It was my first Web Programming class after Thanksgiving and the subject was "Perl Subroutines & PHP Functions". As is popular in programming courses, I thought the factorial function would serve as an suitable example for the class. Once I explained that the factorial of any non-negative integer is defined as the product of all integers from one to the chosen integer, inclusive, I added in passing that I had thought about the factorial function over Thanksgiving dinner. Some students looked up at me. I continued that I always think about the factorial function at dinners and many other social occasions. They now looked at me as if I had just grown another head. The explanation for my obscure thoughts is really quite simple: I come from a family where everyone at the table is obliged to "clink" glasses after a toast with everyone else. The family is also rather large and when a toast is being made I often ponder exactly how many clinks I can expect to hear in the next moments. I refer to that calculation as the "clink function" and the factorial function is the foundation of it.

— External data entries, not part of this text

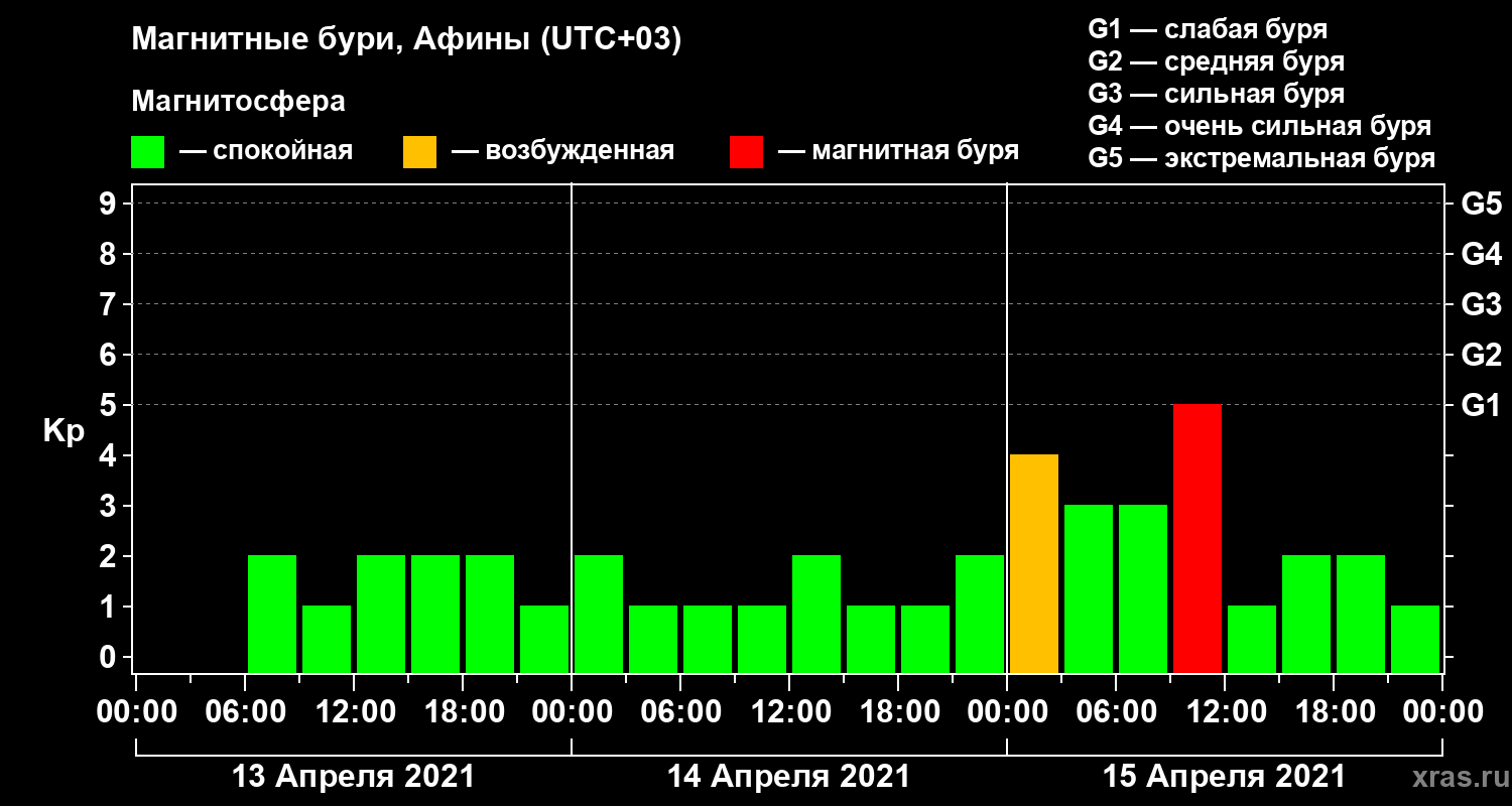 Изменения геомагнитного индекса Kp с 13 по 15 апреля 2021 года для средних широт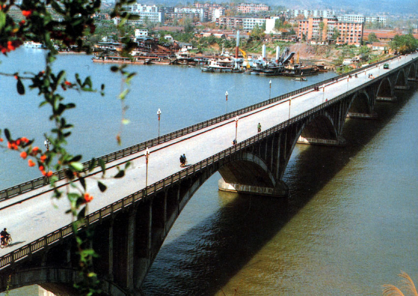 黃柏河大橋是長江葛洲壩水利樞紐的配套項目。全長476.95米,7孔跨徑60米鋼筋混凝土肋型拱,1981年建成,獲得國家和省優(yōu)質(zhì)工程獎。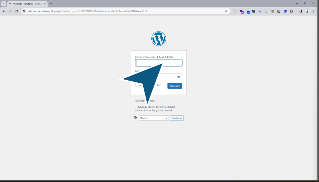Entwicklungsdomain: vallaster.purin.dev/wp-admin Mit dienen Zugangsdaten anmelden. Nach dem anmelden auf die Webseite navigieren. Seite oder Unterseite auswählen (Home/Leistungen/Kontakt)Oben im Fenster,…

It's easy to compute the factorial of small integers. For example, 3 factorial, written 3!, is 3 * 2 * 1 = 6, while 5! = 5 * 4 * 3 * 2 * 1 = 120, and so on. Now the number of clinks is NOT the factorial of the number of people at the table, we'll come back to that later. By the way, 0! is a special case and equals one by definition. The factorial function is undefined for non-integers and for negative integers.

While it's fairly easy to compute the factorial of a small integer it is also easy to see how manually computing the factorial of larger numbers can be very tedious. Consider computing 100!, the exclamation point takes on more significance here. However, this computation is very well suited to a computer and can be programmed into a function or subroutine in two very different ways: direct computation and recursive computation. For now, let's consider the direct method and leave recursion for some other time.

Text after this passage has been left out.